- Data in this exercise:

——

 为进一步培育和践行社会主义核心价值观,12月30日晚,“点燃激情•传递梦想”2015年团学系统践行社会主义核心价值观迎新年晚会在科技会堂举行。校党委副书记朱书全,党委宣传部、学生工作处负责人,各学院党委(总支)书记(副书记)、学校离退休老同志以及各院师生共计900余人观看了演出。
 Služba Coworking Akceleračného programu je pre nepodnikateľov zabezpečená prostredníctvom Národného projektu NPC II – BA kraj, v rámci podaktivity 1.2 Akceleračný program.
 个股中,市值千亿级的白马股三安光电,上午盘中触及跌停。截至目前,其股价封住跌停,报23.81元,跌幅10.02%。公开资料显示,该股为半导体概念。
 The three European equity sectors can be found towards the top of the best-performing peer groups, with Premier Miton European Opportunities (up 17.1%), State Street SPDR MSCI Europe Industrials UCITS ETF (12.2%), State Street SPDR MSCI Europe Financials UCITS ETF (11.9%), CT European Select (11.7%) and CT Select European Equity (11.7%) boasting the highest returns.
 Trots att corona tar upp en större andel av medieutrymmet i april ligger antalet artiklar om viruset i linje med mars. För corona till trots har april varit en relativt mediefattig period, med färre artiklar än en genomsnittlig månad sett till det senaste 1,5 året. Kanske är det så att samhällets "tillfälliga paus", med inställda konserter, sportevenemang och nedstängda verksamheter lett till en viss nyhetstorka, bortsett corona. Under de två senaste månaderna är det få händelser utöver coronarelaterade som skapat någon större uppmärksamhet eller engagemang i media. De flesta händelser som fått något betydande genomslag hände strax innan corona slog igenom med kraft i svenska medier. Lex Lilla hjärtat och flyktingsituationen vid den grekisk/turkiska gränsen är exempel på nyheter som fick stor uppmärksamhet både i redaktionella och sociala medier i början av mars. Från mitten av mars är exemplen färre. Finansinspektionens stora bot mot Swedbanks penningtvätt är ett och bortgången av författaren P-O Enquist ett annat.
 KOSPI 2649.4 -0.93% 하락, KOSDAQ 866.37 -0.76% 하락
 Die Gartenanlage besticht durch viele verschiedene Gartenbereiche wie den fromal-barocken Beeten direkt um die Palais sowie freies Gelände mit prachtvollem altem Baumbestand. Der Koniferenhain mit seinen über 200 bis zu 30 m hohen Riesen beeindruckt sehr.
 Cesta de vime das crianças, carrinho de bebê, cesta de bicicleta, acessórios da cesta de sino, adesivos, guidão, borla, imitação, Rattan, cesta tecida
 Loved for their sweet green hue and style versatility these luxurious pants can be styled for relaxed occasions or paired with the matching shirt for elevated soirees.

——

- Problem requirements:
Each line of the listing should be copied exactly, with none left out.

- Reply to the exercise:
 为进一步培育和践行社会主义核心价值观,12月30日晚,“点燃激情•传递梦想”2015年团学系统践行社会主义核心价值观迎新年晚会在科技会堂举行。校党委副书记朱书全,党委宣传部、学生工作处负责人,各学院党委(总支)书记(副书记)、学校离退休老同志以及各院师生共计900余人观看了演出。
 Služba Coworking Akceleračného programu je pre nepodnikateľov zabezpečená prostredníctvom Národného projektu NPC II – BA kraj, v rámci podaktivity 1.2 Akceleračný program.
 个股中,市值千亿级的白马股三安光电,上午盘中触及跌停。截至目前,其股价封住跌停,报23.81元,跌幅10.02%。公开资料显示,该股为半导体概念。
 The three European equity sectors can be found towards the top of the best-performing peer groups, with Premier Miton European Opportunities (up 17.1%), State Street SPDR MSCI Europe Industrials UCITS ETF (12.2%), State Street SPDR MSCI Europe Financials UCITS ETF (11.9%), CT European Select (11.7%) and CT Select European Equity (11.7%) boasting the highest returns.
 Trots att corona tar upp en större andel av medieutrymmet i april ligger antalet artiklar om viruset i linje med mars. För corona till trots har april varit en relativt mediefattig period, med färre artiklar än en genomsnittlig månad sett till det senaste 1,5 året. Kanske är det så att samhällets "tillfälliga paus", med inställda konserter, sportevenemang och nedstängda verksamheter lett till en viss nyhetstorka, bortsett corona. Under de två senaste månaderna är det få händelser utöver coronarelaterade som skapat någon större uppmärksamhet eller engagemang i media. De flesta händelser som fått något betydande genomslag hände strax innan corona slog igenom med kraft i svenska medier. Lex Lilla hjärtat och flyktingsituationen vid den grekisk/turkiska gränsen är exempel på nyheter som fick stor uppmärksamhet både i redaktionella och sociala medier i början av mars. Från mitten av mars är exemplen färre. Finansinspektionens stora bot mot Swedbanks penningtvätt är ett och bortgången av författaren P-O Enquist ett annat.
 KOSPI 2649.4 -0.93% 하락, KOSDAQ 866.37 -0.76% 하락
 Die Gartenanlage besticht durch viele verschiedene Gartenbereiche wie den fromal-barocken Beeten direkt um die Palais sowie freies Gelände mit prachtvollem altem Baumbestand. Der Koniferenhain mit seinen über 200 bis zu 30 m hohen Riesen beeindruckt sehr.
 Cesta de vime das crianças, carrinho de bebê, cesta de bicicleta, acessórios da cesta de sino, adesivos, guidão, borla, imitação, Rattan, cesta tecida
 Loved for their sweet green hue and style versatility these luxurious pants can be styled for relaxed occasions or paired with the matching shirt for elevated soirees.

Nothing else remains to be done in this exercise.